===== Given data =====
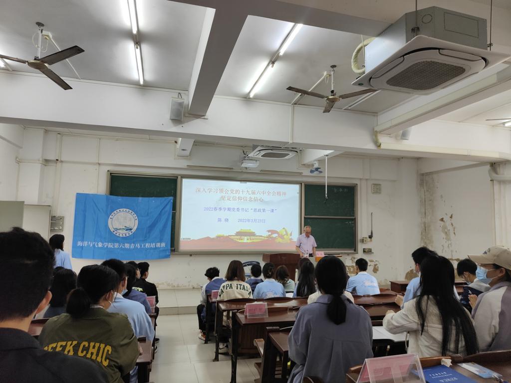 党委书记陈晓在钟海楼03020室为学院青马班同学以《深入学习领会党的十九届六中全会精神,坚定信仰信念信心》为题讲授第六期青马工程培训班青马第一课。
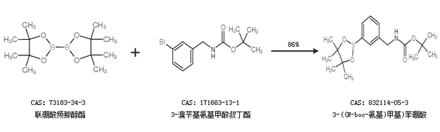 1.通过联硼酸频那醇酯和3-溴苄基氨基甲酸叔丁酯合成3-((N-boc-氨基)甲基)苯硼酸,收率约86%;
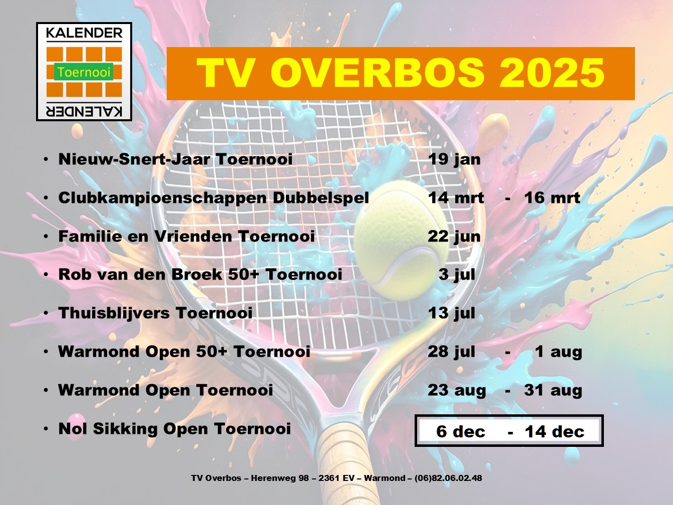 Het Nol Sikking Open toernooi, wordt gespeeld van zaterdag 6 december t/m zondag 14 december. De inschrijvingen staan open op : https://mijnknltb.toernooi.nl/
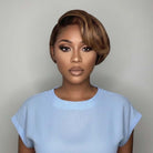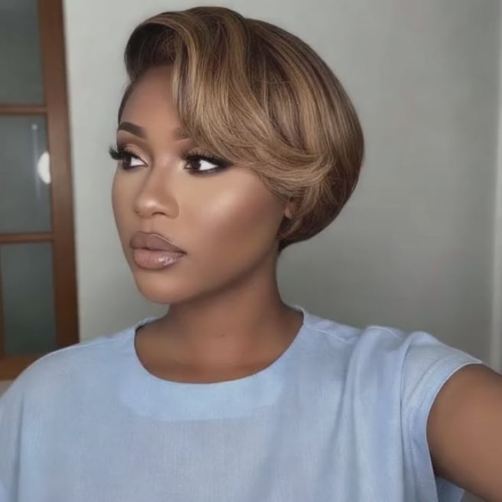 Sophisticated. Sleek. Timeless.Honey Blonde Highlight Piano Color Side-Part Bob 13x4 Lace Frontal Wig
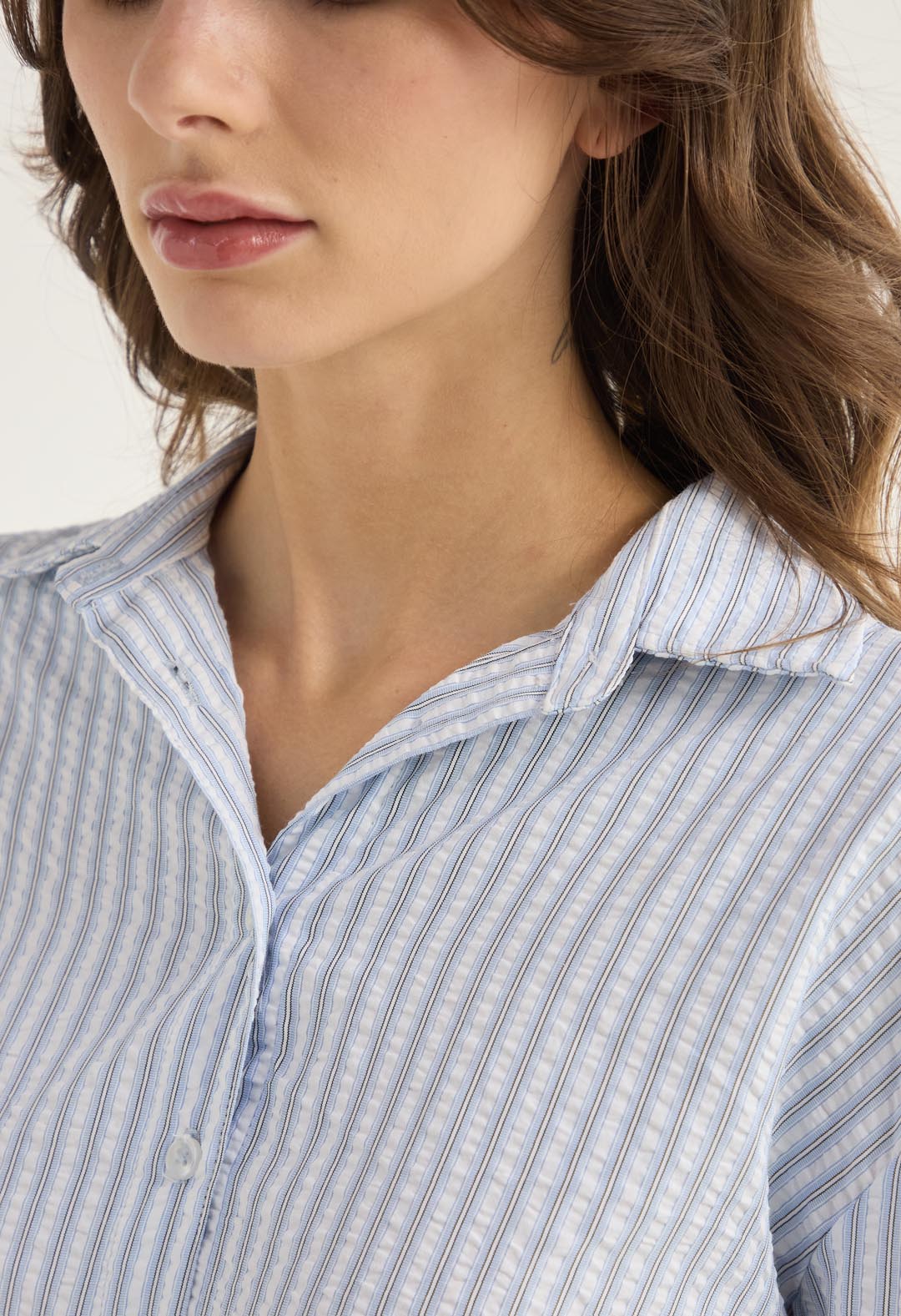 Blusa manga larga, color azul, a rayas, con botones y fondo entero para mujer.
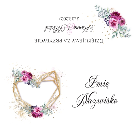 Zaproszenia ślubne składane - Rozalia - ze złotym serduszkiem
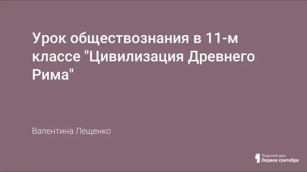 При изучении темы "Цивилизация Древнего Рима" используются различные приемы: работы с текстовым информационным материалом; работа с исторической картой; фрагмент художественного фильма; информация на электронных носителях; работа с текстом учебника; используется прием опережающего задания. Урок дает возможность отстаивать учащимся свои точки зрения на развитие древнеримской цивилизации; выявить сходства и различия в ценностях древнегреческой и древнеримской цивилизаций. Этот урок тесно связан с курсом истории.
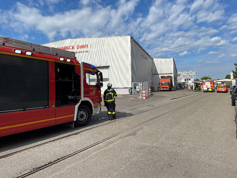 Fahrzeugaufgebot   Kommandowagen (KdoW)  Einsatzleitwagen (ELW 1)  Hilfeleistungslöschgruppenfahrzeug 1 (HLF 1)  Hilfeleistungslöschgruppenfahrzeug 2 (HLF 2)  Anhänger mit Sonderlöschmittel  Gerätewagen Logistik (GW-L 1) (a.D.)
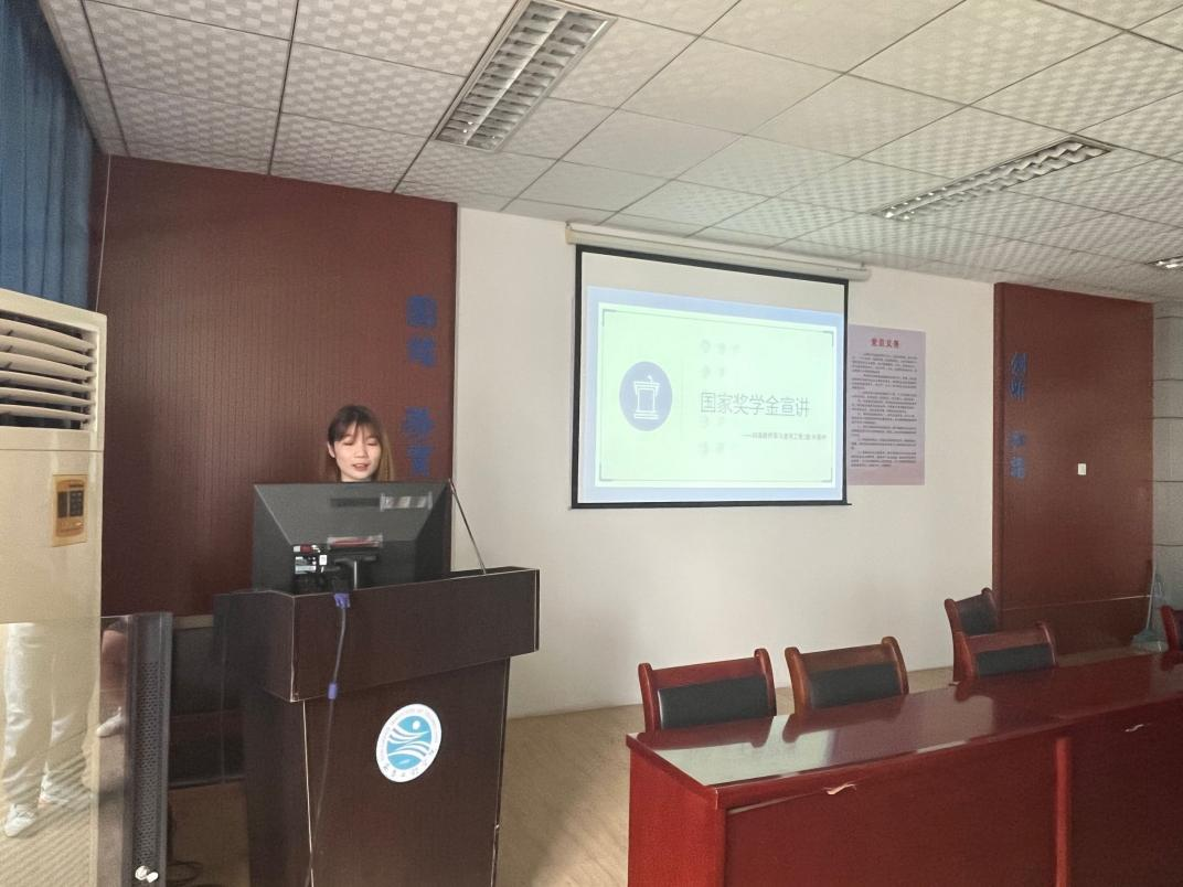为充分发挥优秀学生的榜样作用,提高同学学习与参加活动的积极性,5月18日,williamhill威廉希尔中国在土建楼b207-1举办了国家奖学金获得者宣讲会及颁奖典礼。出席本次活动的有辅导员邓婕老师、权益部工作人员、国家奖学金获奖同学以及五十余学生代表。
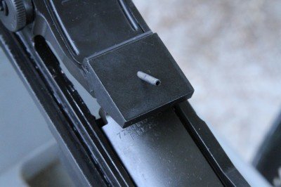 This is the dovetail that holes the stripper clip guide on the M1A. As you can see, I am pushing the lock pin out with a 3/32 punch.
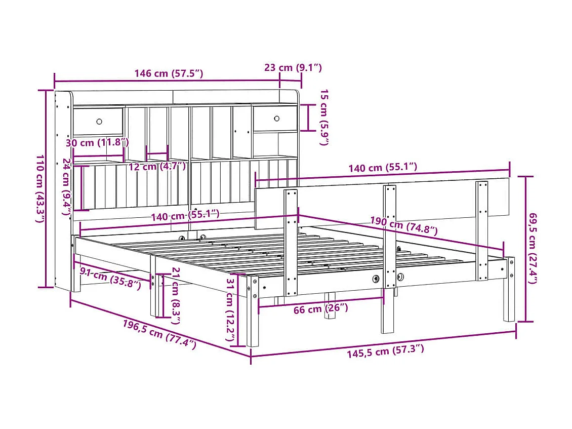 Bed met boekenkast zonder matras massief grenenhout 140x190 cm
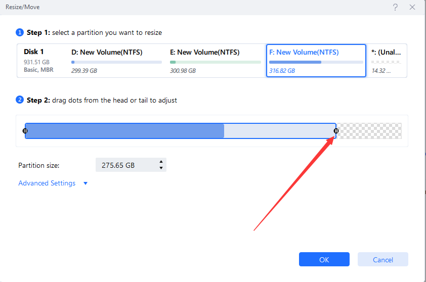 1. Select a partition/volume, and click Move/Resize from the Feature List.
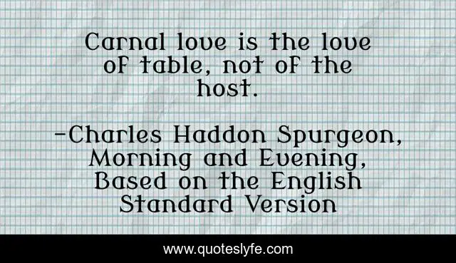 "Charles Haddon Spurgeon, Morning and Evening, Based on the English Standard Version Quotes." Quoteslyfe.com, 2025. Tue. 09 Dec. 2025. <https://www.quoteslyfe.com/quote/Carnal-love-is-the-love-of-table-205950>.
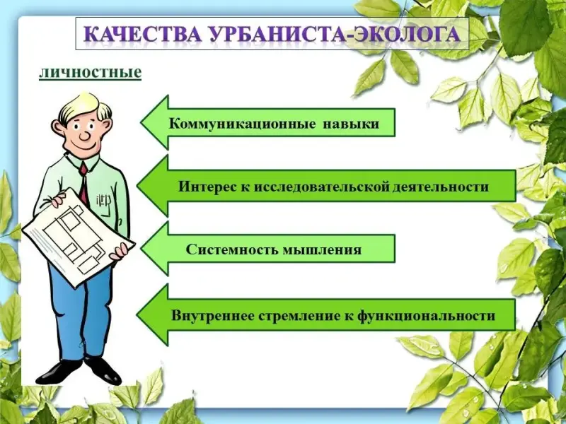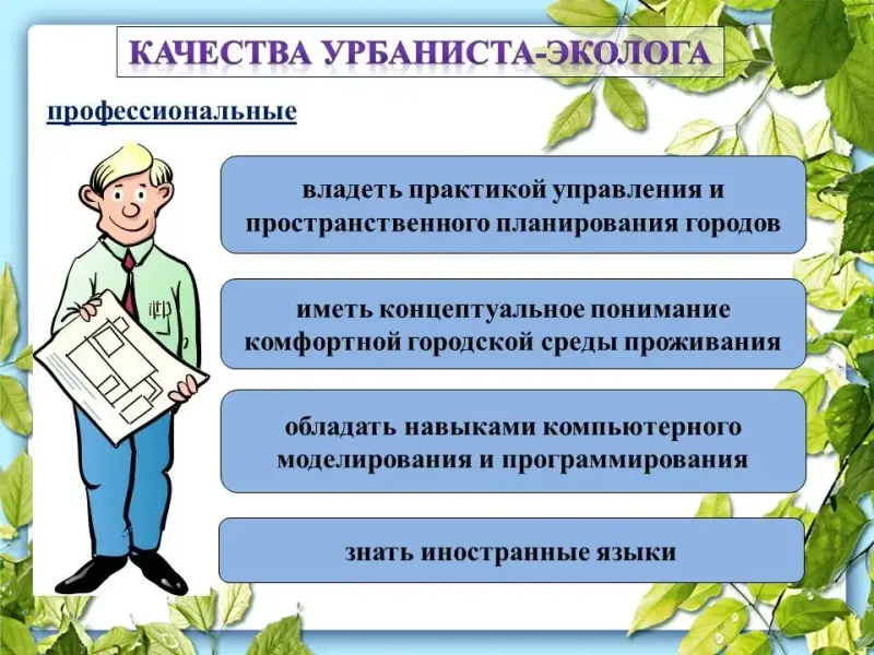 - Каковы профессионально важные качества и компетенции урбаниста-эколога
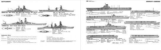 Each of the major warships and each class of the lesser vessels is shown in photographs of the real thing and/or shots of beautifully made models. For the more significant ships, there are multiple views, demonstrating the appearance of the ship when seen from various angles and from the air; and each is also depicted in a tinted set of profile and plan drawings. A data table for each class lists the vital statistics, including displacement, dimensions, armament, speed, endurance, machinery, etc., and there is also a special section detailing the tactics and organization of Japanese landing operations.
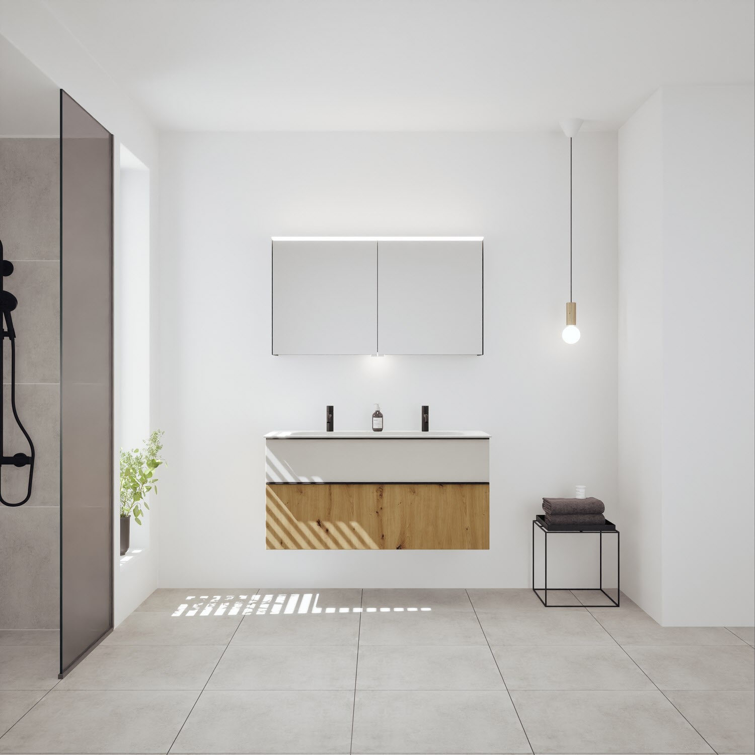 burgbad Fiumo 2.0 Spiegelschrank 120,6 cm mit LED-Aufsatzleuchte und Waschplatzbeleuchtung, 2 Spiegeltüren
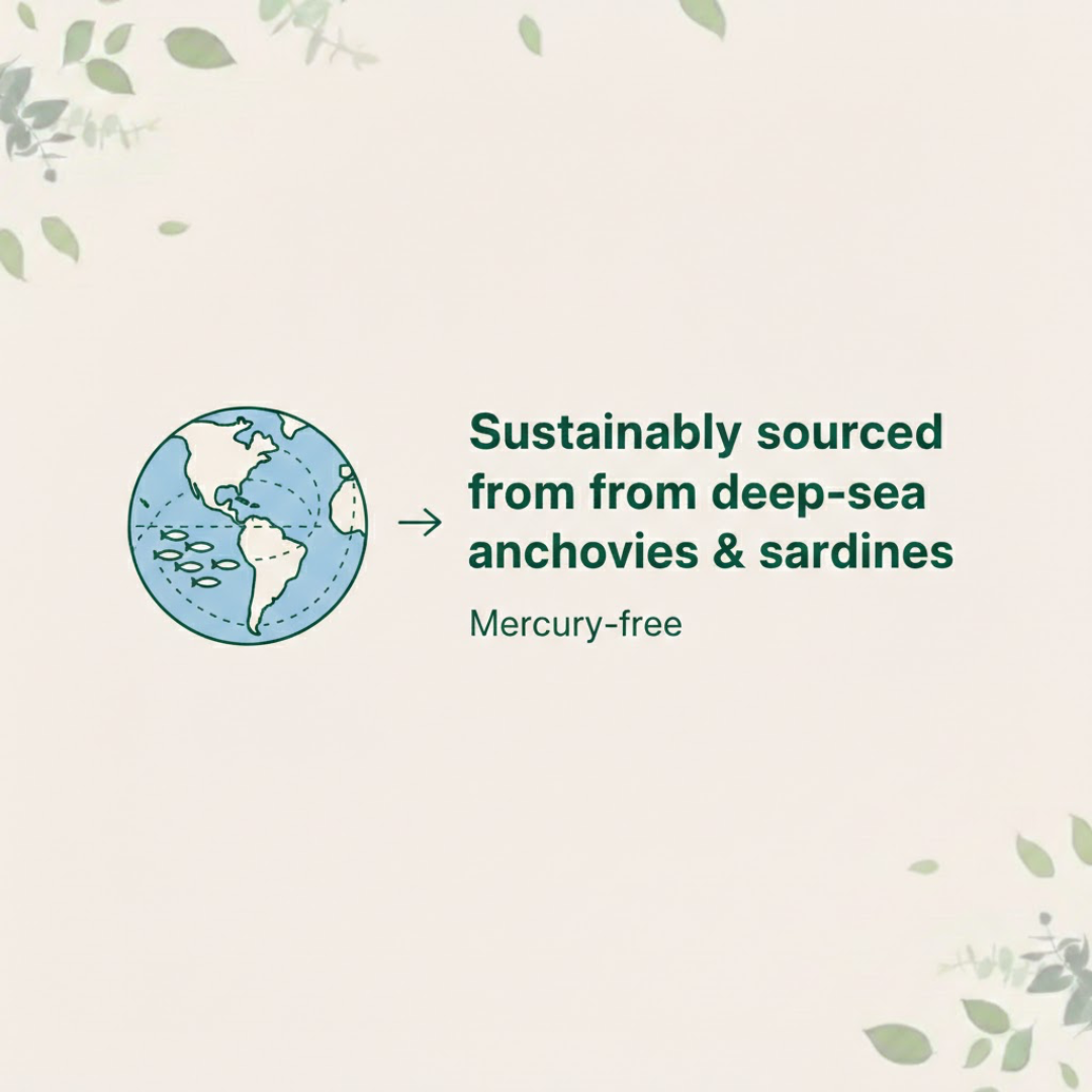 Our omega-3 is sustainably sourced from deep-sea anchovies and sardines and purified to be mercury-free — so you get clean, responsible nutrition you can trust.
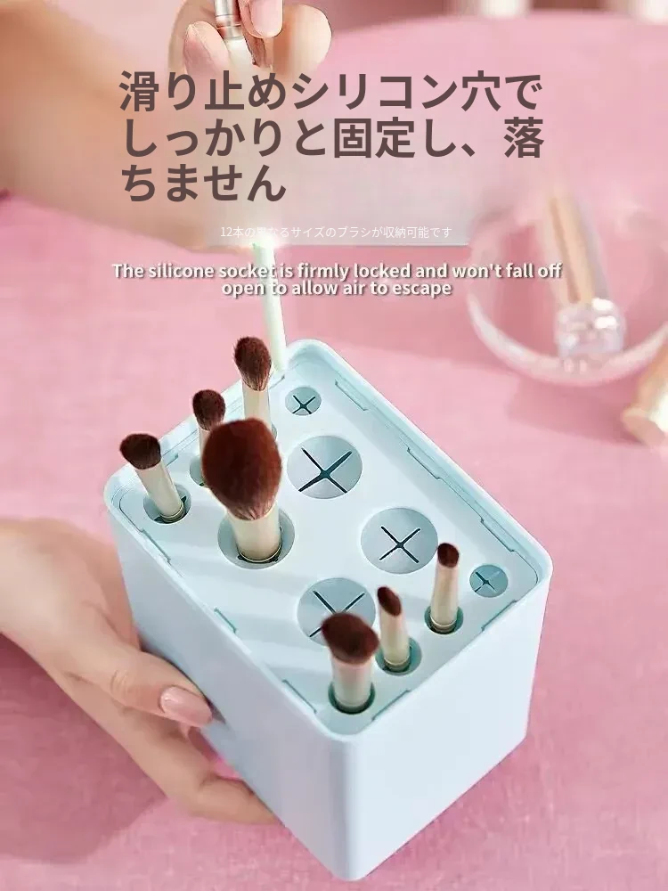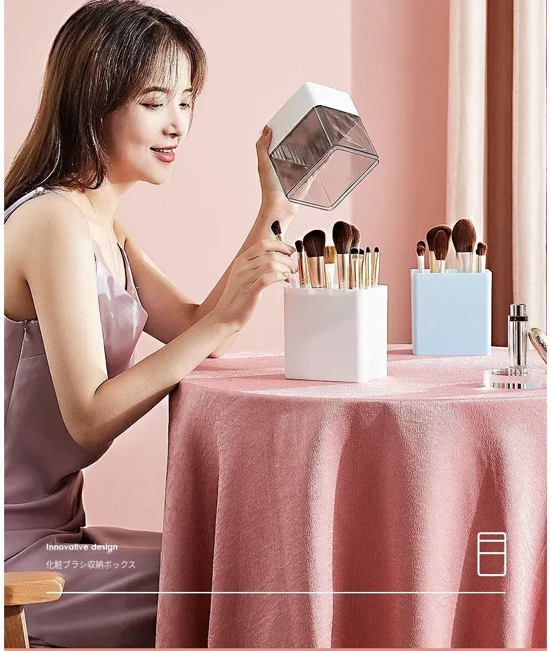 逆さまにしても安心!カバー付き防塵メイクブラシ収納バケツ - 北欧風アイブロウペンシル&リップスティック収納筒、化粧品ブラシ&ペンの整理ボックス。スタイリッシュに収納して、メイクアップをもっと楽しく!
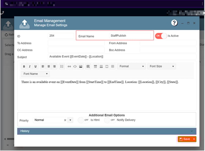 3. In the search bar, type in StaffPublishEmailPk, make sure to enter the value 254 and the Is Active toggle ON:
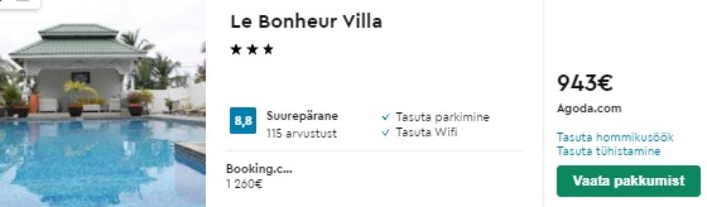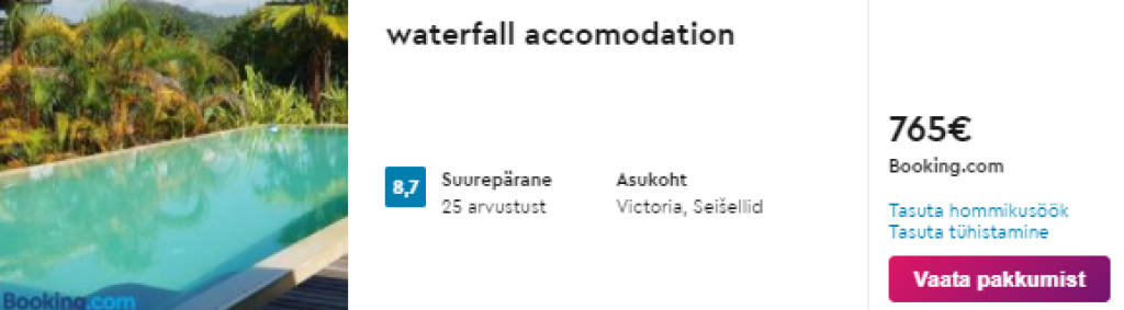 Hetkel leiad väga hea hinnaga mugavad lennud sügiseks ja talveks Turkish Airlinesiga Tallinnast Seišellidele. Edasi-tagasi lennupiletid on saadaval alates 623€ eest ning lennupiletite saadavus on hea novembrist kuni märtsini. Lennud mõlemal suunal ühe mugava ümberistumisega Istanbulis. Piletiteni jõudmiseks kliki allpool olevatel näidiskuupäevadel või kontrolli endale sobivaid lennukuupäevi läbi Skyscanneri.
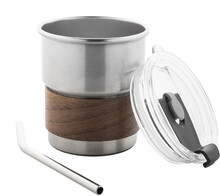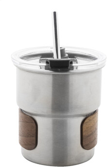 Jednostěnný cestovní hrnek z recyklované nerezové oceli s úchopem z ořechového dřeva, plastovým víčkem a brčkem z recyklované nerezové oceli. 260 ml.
=====
Work item
Give again, exactly as written above, every line from the one holding "Het Nol Sikking" to the one holding "Bed met boekenkast", with both ends kept and the pictures left out.

Reply to the exercise
 Het Nol Sikking Open toernooi, wordt gespeeld van zaterdag 6 december t/m zondag 14 december. De inschrijvingen staan open op : https://mijnknltb.toernooi.nl/
 Sophisticated. Sleek. Timeless.Honey Blonde Highlight Piano Color Side-Part Bob 13x4 Lace Frontal Wig
 Blusa manga larga, color azul, a rayas, con botones y fondo entero para mujer.
 Zaproszenia ślubne składane - Rozalia - ze złotym serduszkiem
 При изучении темы "Цивилизация Древнего Рима" используются различные приемы: работы с текстовым информационным материалом; работа с исторической картой; фрагмент художественного фильма; информация на электронных носителях; работа с текстом учебника; используется прием опережающего задания. Урок дает возможность отстаивать учащимся свои точки зрения на развитие древнеримской цивилизации; выявить сходства и различия в ценностях древнегреческой и древнеримской цивилизаций. Этот урок тесно связан с курсом истории.
 Fahrzeugaufgebot   Kommandowagen (KdoW)  Einsatzleitwagen (ELW 1)  Hilfeleistungslöschgruppenfahrzeug 1 (HLF 1)  Hilfeleistungslöschgruppenfahrzeug 2 (HLF 2)  Anhänger mit Sonderlöschmittel  Gerätewagen Logistik (GW-L 1) (a.D.)
为充分发挥优秀学生的榜样作用,提高同学学习与参加活动的积极性,5月18日,williamhill威廉希尔中国在土建楼b207-1举办了国家奖学金获得者宣讲会及颁奖典礼。出席本次活动的有辅导员邓婕老师、权益部工作人员、国家奖学金获奖同学以及五十余学生代表。
 This is the dovetail that holes the stripper clip guide on the M1A. As you can see, I am pushing the lock pin out with a 3/32 punch.
 Bed met boekenkast zonder matras massief grenenhout 140x190 cm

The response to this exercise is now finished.